Scott Walker

Here is an account of my personal musical and teaching history, and in a certain way, how the Walker Family Band Camp came to be. 

I’ve been teaching for over 40 years. My original training in Hickory, NC, during junior high school was on the trombone and then the baritone horn, but I switched from the baritone to the cello in the 11th grade. I fell in love with the cello, and when I got to college at East Carolina “College”, I was immersed in a world of cello and orchestra music that was very new and very exciting. The same year I started on the cello, I also began learning to play the guitar as well. I enjoyed both instruments very much, and coming from a musical family, it seemed I was heading in the right direction. As it has turned out, the two instruments have taken me to very different, but wonderful places.

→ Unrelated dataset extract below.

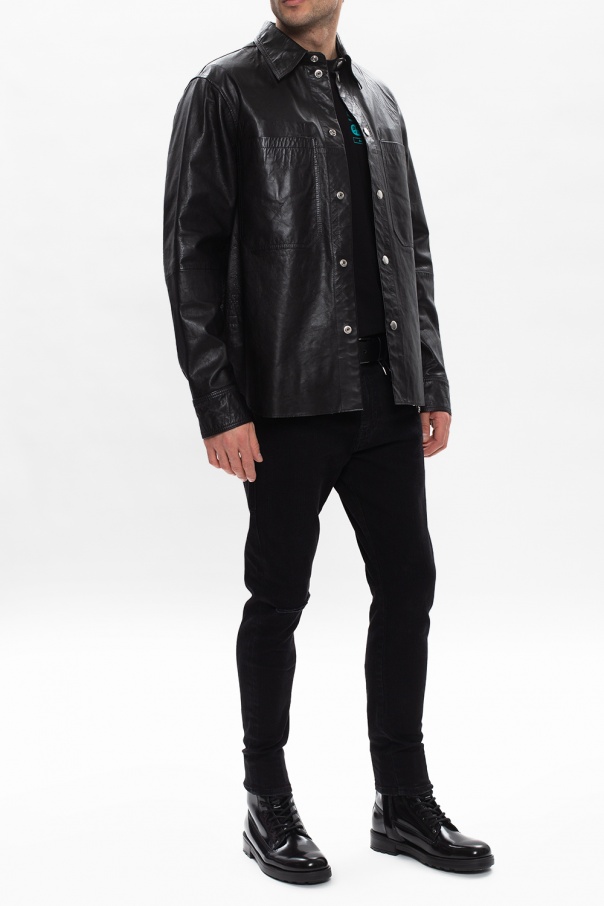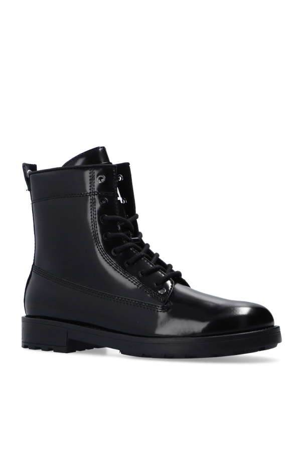 Black ‘D-Throuper’ shoes from Diesel. Crafted from patent cow leather, this lace-up pair sits on a black rubber sole.

I loved my time at East Carolina “University” where I majored on the cello and studied classical music, receiving a teaching degree. I was fascinated with orchestra conducting, and following college, some of my most treasured musical memories included being named the “Associate Conductor” conductor of the Elon College Community Orchestra. For twenty years, from 1969 to 1989, I played principal cello in the orchestra, and conducted many standard orchestral pieces. I also was fortunate to spend a summer season conducting the Durham Symphony Orchestra, in Durham, NC. I conducted several concerts that summer. I remember conducting Candide by Bernstein, and a real highlight, Beethoven’s 1st Symphony, at the Forest Theater, part of the Botanical Gardens in Chapel Hill.

Back in high school one of my classmates, George Groves, taught me to play the guitar so he could play the banjo and fill out the sound for our new folk trio, called the “King’s Men”. We learned folk songs off albums of “Peter Paul and Mary”, “The Chad Mitchell Trio” and most especially “The Kingston Trio”. For two years of High School we gigged and played many events all over the area. Amazingly, George is now a member of that very group. A real success story!

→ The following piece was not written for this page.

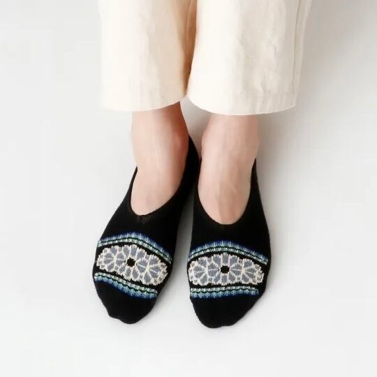 履き口はゴムで編み立て、優しいフィット感と脱げにくさを両立させました。

I enjoyed my foray into “informal” music during high school, but I left it behind when I went to college and later began my orchestra teaching career in the public schools in Burlington, NC. I married Carole Hampton, and we had two fabulous children Seth and Jennie. We joined with another couple, Jim and Susan Walton and their three children, and together we crafted a 2500 square foot log house on 8 acres in a very rural area, north of Elon, NC, near a place called Altamahaw-Ossipee. We lived there together for 13 years, developed a “farm” with chickens, pigs, bees and more, and created an official Quaker meeting which was held every Sunday at our house.

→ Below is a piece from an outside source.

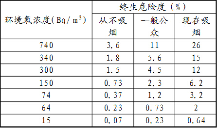 五、一般情況下,由于室外氡濃度較低,保持良好的通風*能有效地減低室內氡濃度。然而在室外氡濃度較高的地區(qū)應適當減少開窗通風,防止室外氡過多進入室內。另外,由于氡在人體內組織的溶解度不是很高,人體一旦脫離含氡環(huán)境,氡會很快經肺排出。當人進入含有較高濃度氡的環(huán)境時,30~40min吸入和呼出的氡達到平衡,當離開此環(huán)境1h后,90%的氡被排出。所以早上做戶外運動有利于晚上吸入氡的排出。除了室內氡濃度外,吸煙也對人體受到危害有很大貢獻。據研究顯示,吸煙與氡共同作用于人體將使人體患肺癌的幾率成倍增長。以下是氡及其子體致肺癌的終生危險度,表中加入了吸煙給患肺癌帶來的影響。(表4)

I took a job teaching at the New Garden Friend’s School in Greensboro, NC, in 1977 where we thought we were inventing education, or at least an essential alternative to the “evil” state system that did not understand peace, love, and the power of meditation. While I was teaching there we began to explore the possibility of teaching strings using the Suzuki method. Carole and I both became a Suzuki teachers, and from 1969 to the present, we both have enjoyed many wonderful experiences teaching countless numbers of students, and had the good fortune to teach with many wonderful colleagues in many different places all over the country.

We taught Seth and Jennie using the Suzuki Method, and we became totally immersed in that world. Both Carole (now Carole Shoaf) and I took Suzuki teacher training, and began teaching at summer camps and weekend workshops, and during the school year, making our living teaching many many private lessons. We also established a mail order business, called “The Enchanted Workshop”, and we sold teaching aids designed specifically for Suzuki students all over the world.

Something about this worked well for our kids. Seth moved to the guitar, and is now a touring professional singer songwriter living in New Orleans, with eight CD’s to his credit, and a large fan base all over the country ( Jennie is a Suzuki teacher and along with husband Jim Brunner, have brought two precious children into the world. Inspired by Carole’s parents, John and Janet Hampton, Jim and Jennie are raising the children in the tradition of Rudolf Steiner’s philosophies that were the basis for the creation of “Waldorf Education”. They will soon be living in Asheville, NC, supporting the “Azalea Mountain” Waldorf School there.

In 1988, a former student and present friend, Fred Lail, visited my home and played a fiddle tune for me on my front porch. That began a very rewarding journey into Irish fiddle music, on the fiddle, and the guitar. Since that time I have enjoyed playing in many jam sessions and have had the pleasure to perform with many wonderful Irish musicians in a variety of situations. I began to realize that I could teach kids Irish music, and I started introducing the music at Suzuki workshops, developing some of my own materials for teaching this energetic and beautiful form of music.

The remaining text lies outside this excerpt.